Second Cause of Action: Reformation

 

Civil Code § 3399 provides:

 

“When, through fraud or a mutual mistake of the parties, or a mistake of one party, which the other at the time knew or suspected, a written contract does not truly express the intention of the parties, it may be revised on the application of a party aggrieved, so as to express that intention, so far as it can be done without prejudice to rights acquired by third persons, in good faith and for value.”

 

“Reformation is not the court creating a new agreement but rather enforcing the actual agreement already made by the parties.” Panterra GP, Inc. v. Superior Court (2022) 74 Cal.App.5th 697, 713-714 (emphasis removed).

 

            Here once again Jackson’s demurrer depends upon the court adopting her version of events. She argues that the court cannot simply write a new contract for the parties. And that is true. But Rasco alleges that the written agreement was executed by mistake and does not reflect the actual deal they reached. (Cross-Complaint ¶ 34). The court cannot decide these factual questions on a demurrer.

 

Third Cause of Action: Unjust Enrichment

 

            While “unjust enrichment” is a legal principle rather than a concrete cause of action, when a party uses that label, the court should construe the claim as one for restitution. Rutherford Holdings, LLC v.
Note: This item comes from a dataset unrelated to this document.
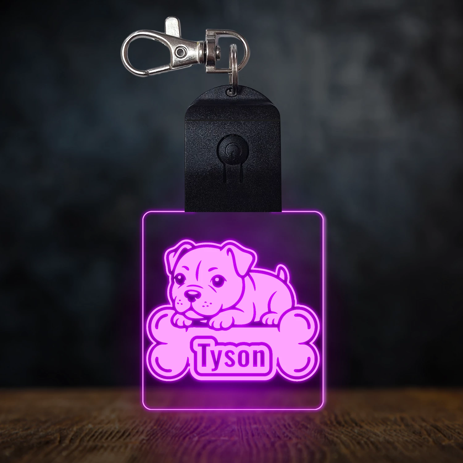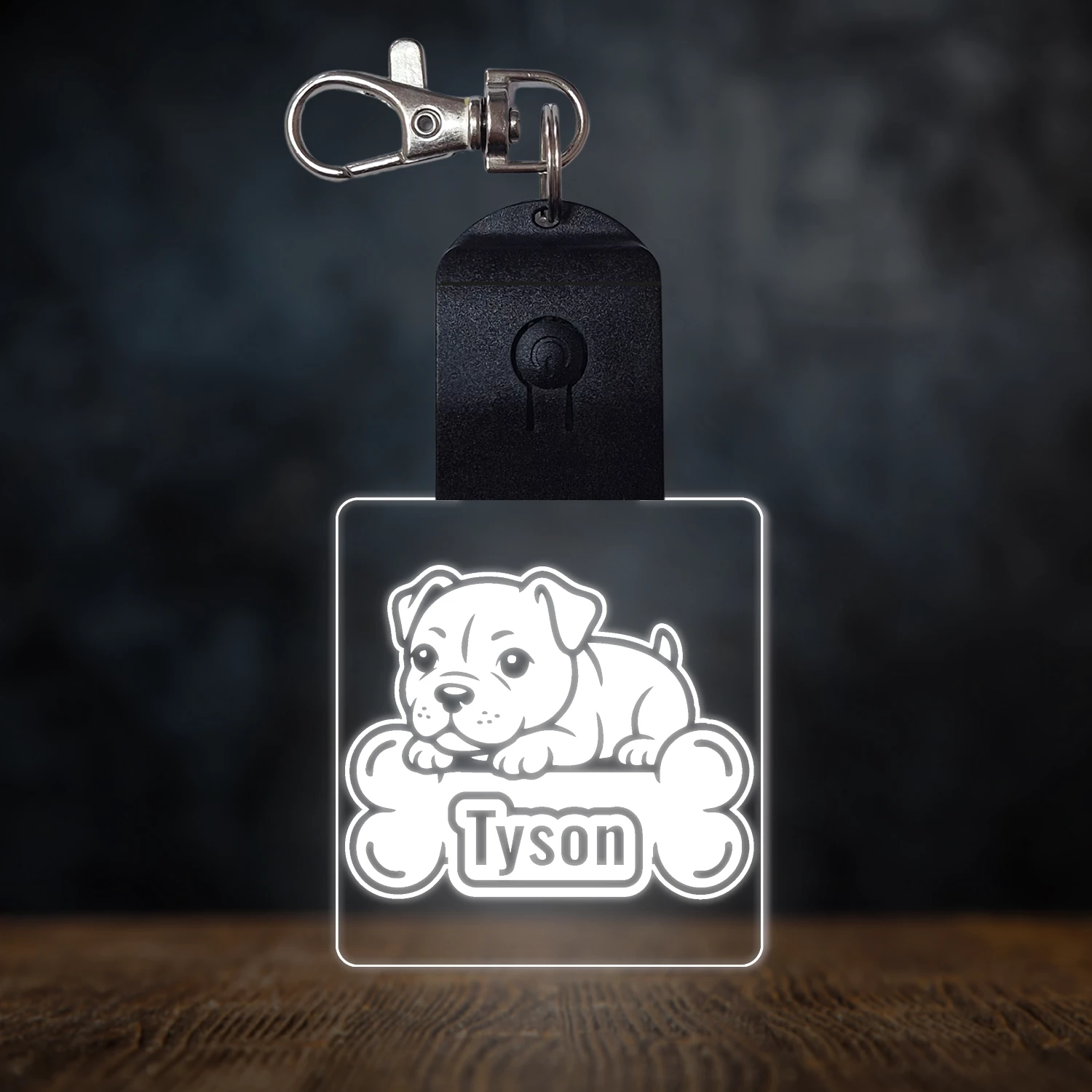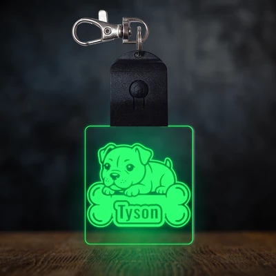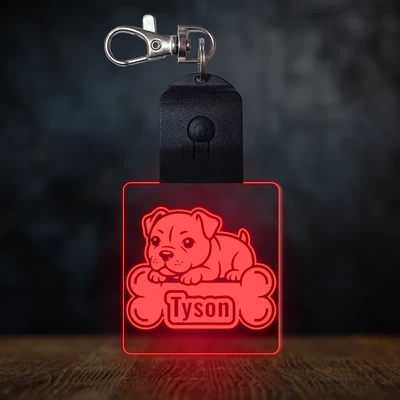Staffordshire terrier világító led kulcstartó - Egyedi felirattal

Plaza Del Rey (2014) 223 Cal.App.4th 221, 231. Restitution is a form of alternative pleading which allows a party to recover for breach of an agreement even if the agreement itself turns out to be unenforceable as written. Id.

 

            Rasco pleads that, if the agreement is enforced, Jackson will receive the benefit of all the work and money Rasco has put into the house in the 20 years since Jackson moved out. (Cross-Complaint ¶¶ 23, 25, 37-38). Rasco pleads that this amounts to $654,000.00. (Cross-Complaint ¶ 23). His theory appears to be that, if the court finds there is no enforceable agreement of any kind between the parties, then the court should proceed as if Jackson had never ceased being a joint tenant, and Jackson should then reimburse him for all the upkeep and expenses he bore on their behalf.

 

            Given that oral contracts for the transfer of real property are not generally enforceable (see Civil Code § 1624(a)(3)), and that the writing attached to the Complaint may lack consideration, this is not an unreasonable alternative to plead. To be clear, the court is making no findings about enforceability, or about whether there was one contract or two. The court is merely spotting issues, which cannot have escaped counsel on either side.

 

Conclusion

 

            Cross-Complainant Rasco has properly pled entitlement to rescission and reformation. Cross-Complainant Rasco has also properly pled an alternative theory in case the court finds that the parties have no enforceable agreement at all. Therefore, the demurrer is OVERRULED. Cross-Defendant Jackson is to file an Answer within 10 days.



[1] There are six other scenarios in which a party may rescind, but none of them apply to this case.